No need for NATO
No need for NATO
by Bob Fitrakis
May 28,
2012
This Memorial Day, our nation should honor our war dead by either withdrawing from the North Atlantic Treaty Organization (NATO) or, better yet, completely dismantling the obsolete Cold War defense pact. NATO exists today not to defend against aggressive authoritarian Communism, but to steal resources from weaker non-European countries by military force. Its two most recent military actions made the May 2012 NATO Summit in Chicago a gathering of war criminals.
NATO was established in April 1949 at the height of the Cold War and the creation of the so-called "Iron Curtain" dividing Eastern and Western Europe. In 1955, the Soviet bloc countered with its own military organization, the Warsaw Pact. The current 28 NATO member nations account for an estimated 70% of the world's defense spending.

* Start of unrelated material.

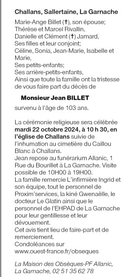 Cet espace « condoléances » est dédié à la mémoire de Monsieur Jean BILLET.
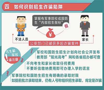 今年深入實施陽光招生工程,要求加大招生信息公開力度,確保軍隊生長干部招生工作全程公開透明。主要有3個方面的改進:一是搭建信息公開平 臺。主要是依托國家教育部陽光高考網(Gaokao.Chsi.com.cn)、中國軍網(www.81.cn)、軍隊人才網 (www.81rc.mil.cn)建立招生宣傳網絡平臺,實現招生政策信息的及時發布及關鍵環節的信息查詢。二是開展多種形式宣傳活動。在軍地有關媒體 上播發招生政策、院校情況、學科發展等內容。5月中旬,軍區級單位指導省軍區和招生院校開展“軍隊招生宣傳月”活動,組織招生政策咨詢會,依托部分重點中 學建立生源基地,及時掌握優質生源情況,為考生填報志愿提供信息咨詢。三是暢通信息咨詢及下載渠道。省軍區及招生院校開辟網絡專欄、開通咨詢電話,提供招 生政策、計劃,以及軍檢安排等信息咨詢,政治考核表和軍檢工作手冊等文件可通過各省級高校招生辦公室官方網站下載,軍檢結果可通過網絡查詢,進一步減少工 作環節、增加招生工作透明度。四是加大招生全程輿論監督。組織軍隊新聞媒體對省軍區、院校年度招生情況進行跟蹤采訪報道,并對新生復查復試、入學軍訓、新 生教育等工作進行全方位宣傳,將招生工作全程納入輿論監督之中。

East and West Germany reunified in October 1990. The Soviet Union dissolved in December 1991 along with the Warsaw Pact. NATO achieved its goal as a defensive pact of defending Western Europe from the Soviet bloc.
But now, it stalks the Earth like a vampire, existing only to hijack resources from non-Western nations. NATO's trajectory since the collapse of the Soviet Union has been toward a new Western imperialism.
First there was the intervention into the Yugoslavian civil war in the 1990s. The Yugoslavian campaign included a 78-day bombardment of the Federal Republic of Yugoslavia. Over 500 civilians died.
NATO shifted its activities away from Europe when it invoked Article V of its charter for the first time in its history. Article V states that an attack on any one member of NATO can be considered an attack on the entire alliance. After invoking Article V, NATO became an offensive military organization under the domination of the United States following the events of 9/11. NATO's support for the U.S. military campaign in Afghanistan was arguable legal.
Still, NATO's greatest sin, and one that makes it an organization of war criminals, stems from its involvement in the illegal U.S. and British attack on Iraq in 2003. NATO formed the NATO Training Mission -- Iraq to help train Iraqi security forces in conjunction with the U.S. and the coalition of the willing. NATO claimed to be responding to the request of the Iraqi interim government, a puppet government installed after the illegal U.S. invasion.
NATO's more than 7-year training mission in Iraq underscores the need for the defensive alliance to disband. In 2011, NATO intervened illegally in the Libyan civil war. NATO planes flew over 950 airstrikes against pro-Gadaffi forces. Without NATO's violent and vicious attack on the Gadaffi regime, the Libyan government would have remained in power.
The Memorial Day New York Times front page article reflects the absurd nature of recent U.S. wars. The Times described a "spirited debate" on "counterinsurgency and its costs," meaning the wars in Iraq and Afghanistan. Col. Gian P. Gentile, the Director of West Point's military history program, told the Times that the United States had gained "not much" in these wars, and that they were "certainly not worth the effort." It is our addiction to the military industrial complex and the ritualistic glorification of the slaughter through flags and flowers on Memorial Day that causes many Americans to be less thoughtful then those teaching at the United States military academy.
In both Iraq and Libya, NATO's job is to assist the U.S. in jacking the oil of Third World people. NATO, like any vampire, needs a stake put through its heart.